DSP Code Optimization Techniques for Speed

Code can be optimized for Speed or memory.
Here I am discussing the methods for optimization for speed

Optimization can can be done at different levels

Design level

At the highest level, the design may be optimized to make best use of the available resources. The implementation of this design will benefit from a good choice of efficient algorithms and the implementation of these algorithms will benefit from being written well. The architectural design of a system overwhelmingly affects its performance. The choice of algorithm affects efficiency more than any other item of the design and, since the choice of algorithm usually is the first thing that must be decided, arguments against early or "premature optimization" may be hard to justify.

In some cases, however, optimization relies on using more elaborate algorithms, making use of "special cases" and special "tricks" and performing complex trade-offs.

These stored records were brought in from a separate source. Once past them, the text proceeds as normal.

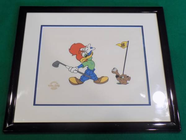 The "WOODY WOODPECKER" ANIMATION SERI-CEL" is a certified sericel produced in 1997 by Walter Lantz Productions, featuring the iconic character Woody Woodpecker from the Western Animation tradition. This original sericel is framed and part of the Walter Lantz/Woody Woodpecker franchise, showcasing fine art management by the Fine Art Management Corporation. The sericel captures the essence of Woody Woodpecker in the 1990s era of animation, making it a collectible piece for fans of animation art and merchandise. It measures 18" x 16" x 1".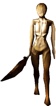 Spooky'S Jump Scare Mansion Bab, a golden, low-poly figure, stands menacingly with a large, sharp weapon.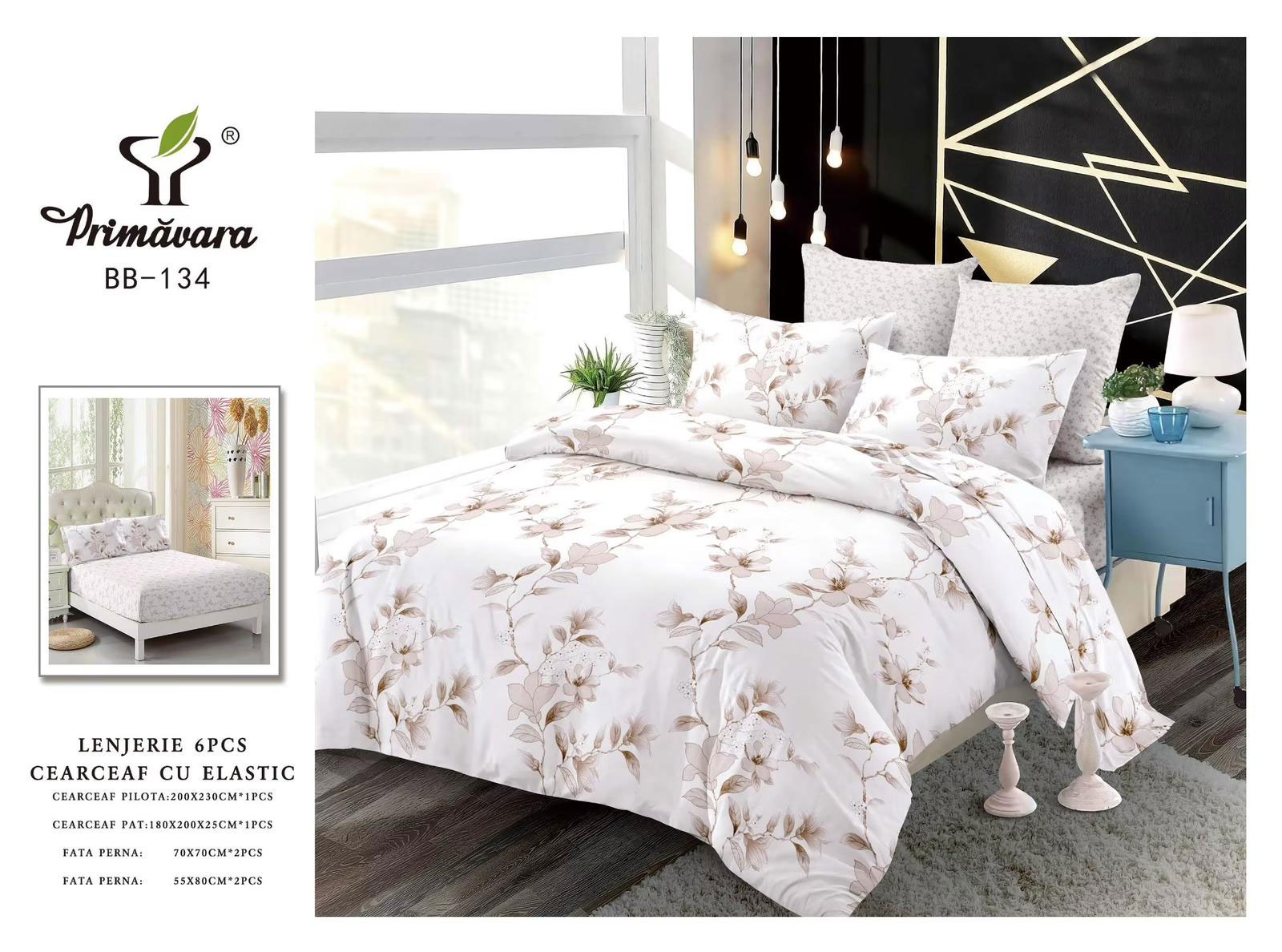 Lenjerie de pat cu 6 piese din bumbac 100%, tesatura FINET. Finet-ul este o tesatura care este tratata antisifonare, de o calitate superioara, cu o textura fina, usor pufoasa, moale si care permite pielii sa respire, pastrand temperatura corpului optima pe parcursul noptii.
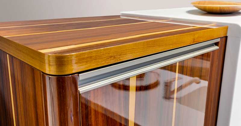 Die Fronten des Modells sind durch Palisander- oder Satin Nussbaum furniert, einer erstaunlichen Kombination aus natürlicher Oberflächenbeschaffenheit und High-Tech.
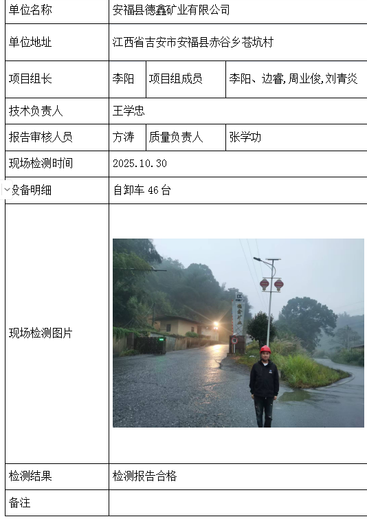 安福县德鑫矿业有限公司2026/04/092025年检测检验项目 20 上一篇: 阳新县白沙镇枫树下村铜矿下一篇: 万安豪德实业有限公司 相关推荐 长阳县勒石包方解石矿 2026/04/10 7 查看全文 大冶市灵乡正旺铁矿二采区 2026/04/10 4 查看全文 大冶市陈贵安船矿业有限公司 2026/04/10 9 查看全文 保康楚烽化工有限责任公司(楚烽磷矿) 2026/04/10 6 查看全文 您好!请登录 点击取消回复 称呼: 邮箱: 点击这里取消回复。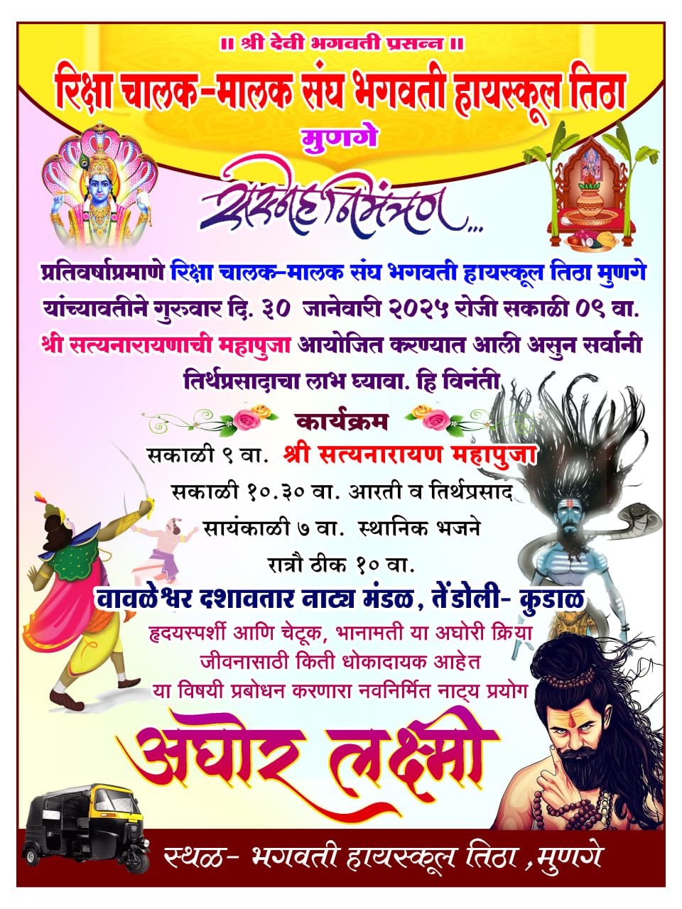 मालवण प्रतिनिधी: रिक्षा चालक-मालक संघ भगवती हायस्कूल तिठा मुणगे – देवगड यांच्यावतीने ३० जानेवारी रोजी सकाळी ०९ वा. श्री सत्यनारायणाची महापुजा आयोजित करण्यात आली आहे. सकाळी १०.३० वा. आरती व तिर्थप्रसाद, सायंकाळी ७ वा. स्थानिक भजने, रात्रौ ठीक १० वा.वावळेश्वर दशावतार नाट्य मंडळ, तेंडोली- कुडाळ यांचा ‘अघोर लक्ष्मी’ हा दशावतार नाट्यप्रयोग होणार आहे. उपस्थितीचे आवाहन करण्यात आले आहे.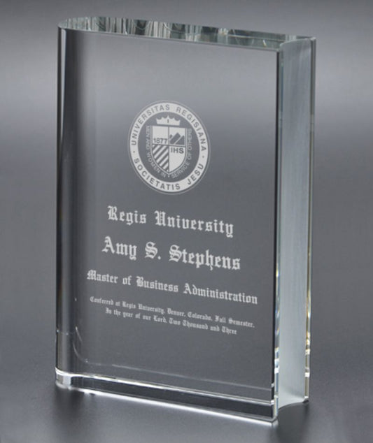 Engraved Crystal Book Award, Great Graduation Gifts ~ Collegiate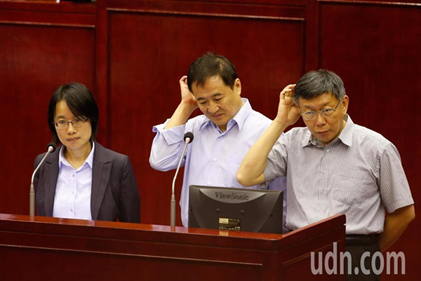 針對(duì)北農(nóng)是否送洋酒給民進(jìn)黨臺(tái)北市黨部,北農(nóng)總經(jīng)理吳音寧(左起)、董事長(zhǎng)陳景峻與市長(zhǎng)柯文哲下午在臺(tái)北市議會(huì)接受質(zhì)詢,吳音寧明確表示,沒有。(圖片來源:臺(tái)灣《聯(lián)合報(bào)》)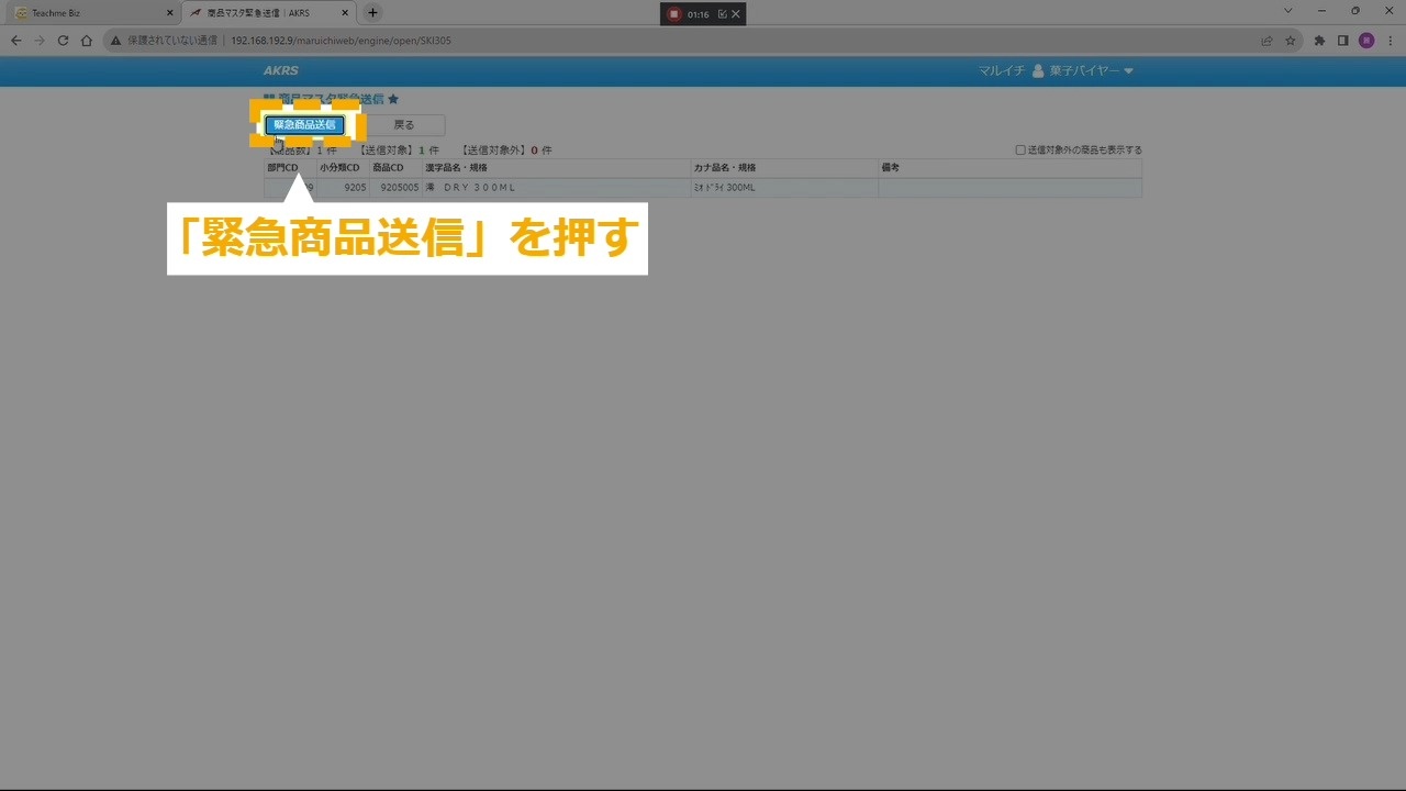 STEP4:「緊急商品送信」を押す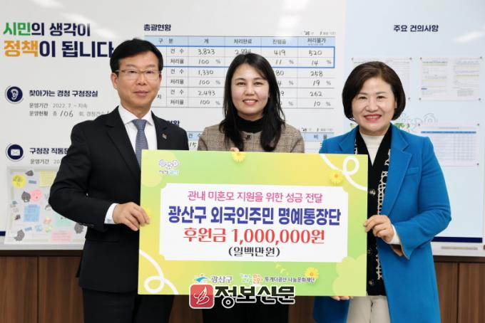 광산구 외국인주민 명예통장단은 지난 2023년 폭력 피해 아동 지원으로 100만 원을 기부하는 등 지역사회를 위해 매년 다양한 봉사와 기부 활동을 이어오고 있다.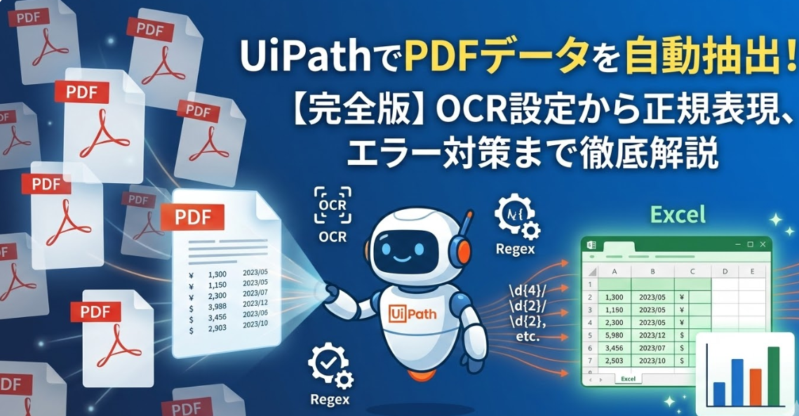 UiPathでPDFからデータを自動抽出する方法を徹底解説!『PDFテキストを読み込み』の設定手順から、OCRを使った画像PDFの読み取り、実務で役立つエラー対策まで、現役エンジニアの視点で分かりやすく紹介します。手入力の作業をゼロにしたい方は必見のガイドです。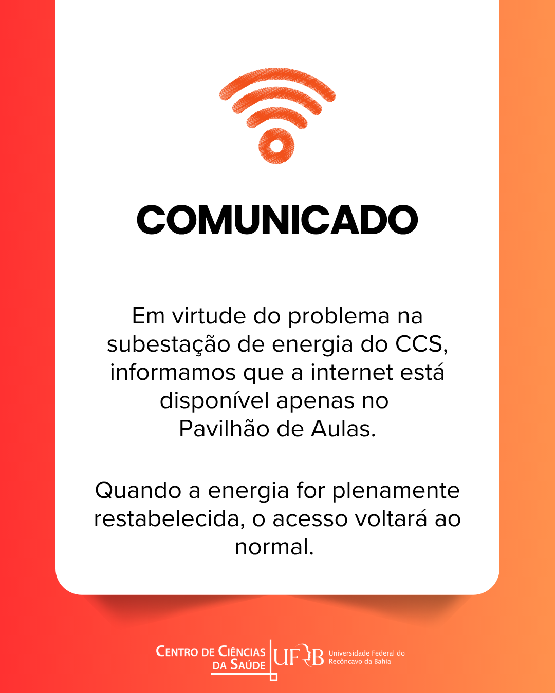 Em virtude do problema na subestação de energia do CCS, informamos que a internet está disponível apenas no Pavilhão de Aulas.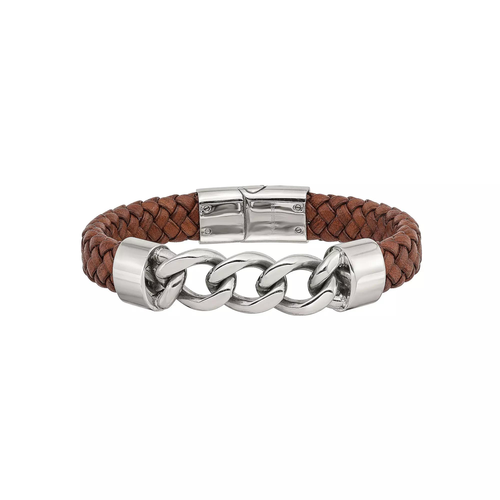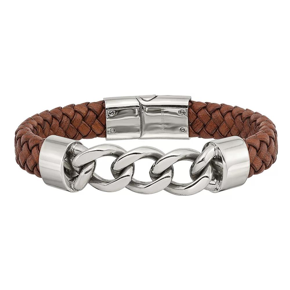 You'll love the style of this men's stainless steel polished chain and brown leather bracelet. You'll love the style of this men's stainless steel polished chain and brown leather bracelet. Closure: magnetic clasp Metal: stainless steel Length: 8.25 in. Packaging: boxed Finish: polished Size: 8.25". Gender: male. Age Group: adult. Material: Stainless Steel Leather.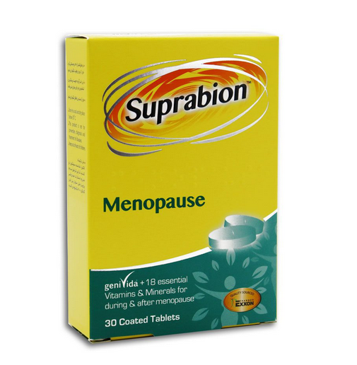 قرص منوپوز (بهبود علائم یائسگی) سوپرابیون (Suprabion Menopause tablets - 30 pcs ) یک مکمل مناسب جهت حفظ سلامت عمومی و بهبود علائم یائسگی می باشد این محصول دارای مولتی ویتامین و مواد معدنی مانند آهن، زینک، مس، سلنیوم و کروم می باشد که موجب افزایش انرژی، تقویت سیستم ایمنی و تقویت سلامت پوست، مو وناخن و بهبود استحکام استخوان ها می شود قرص منوپوز موجب کاهش و بهبود گرگرفتگی، تعریق شبانه، خشکی واژن، اضطراب، نوسانات خلقی، ضعف و افسردگی می شود این محصول با دارا بودن ویتامین D موجب حفظ استخوان های قوی و سالم در دروان یائسگی می شود با افزایش سن و یائسگی تراکم استخوان ها کاهش یافته و خطر پوکی استخوان افزایش پیدا می کند قرص منوپوز با تنظیم فعالیت های هورمونی موجب بهبود علائم یائسگی و حفظ سلامت عمومی بانوان می شود و موجب افزایش انرژی در بانوان می شود.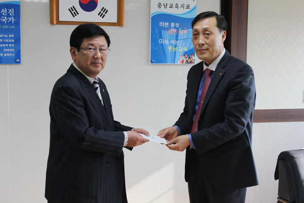 홍성군수영연합회(회장 박문수)가 지난 10일 홍성군 수영꿈나무들의 훈련비에 사용해달라며 100만원의 장학금을 홍성교육지원청(교육장 박익현)에 기탁했다.

A "fully optimized" program might be more difficult to comprehend and hence may contain more faults than unoptimized versions.

Source code level

Avoiding poor quality coding can also improve performance, by avoiding obvious "slowdowns". After that, however, some optimizations are possible that actually decrease maintainability. Some, but not all, optimizations can nowadays be performed by optimizing compilers.

Build level

Between the source and compile level, directives and build flags can be used to tune performance options in the source code and compiler respectively, such as using preprocessor defines to disable unneeded software features, or optimizing for specific processor models or hardware capabilities. Source-based software distribution systems such as BSD's Ports and Gentoo's Portage can take advantage of this form of optimization.

Compile level

Use of an optimizing compiler tends to ensure that the executable program is optimized at least as much as the compiler can predict.

Using Intrisics 

Intrisics are functions equivalent to assembly instructions - one to one or one to many mapping.
These can be used in the code like a function.

Assembly level

At the lowest level, writing code using an assembly language, designed for a particular hardware platform can produce the most efficient and compact code if the programmer takes advantage of the full repertoire of machine instructions. Many operating systems used on embedded systems have been traditionally written in assembler code for this reason. Programs (other than very small programs) are seldom written from start to finish in assembly due to the time and cost involved. Most are compiled down from a high level language to assembly and hand optimized from there. When efficiency and size are less important large parts may be written in a high-level language.

With more modern optimizing compilers and the greater complexity of recent CPUs, it is harder to write more efficient code than what the compiler generates, and few projects need this "ultimate" optimization step.

Much code written today is intended to run on as many machines as possible. As a consequence, programmers and compilers don't always take advantage of the more efficient instructions provided by newer CPUs or quirks of older models. Additionally, assembly code tuned for a particular processor without using such instructions might still be suboptimal on a different processor, expecting a different tuning of the code.

Run time

Just-in-time compilers and assembler programmers may be able to perform run time optimization exceeding the capability of static compilers by dynamically adjusting parameters according to the actual input or other factors.

Self-modifying code can alter itself in response to run time conditions in order to optimize code.

Some CPU designs can perform some optimizations at runtime. Some examples include Out-of-order execution, Instruction pipelines, and Branch predictors. Compilers can help the program take advantage of these CPU features, for example through instruction scheduling.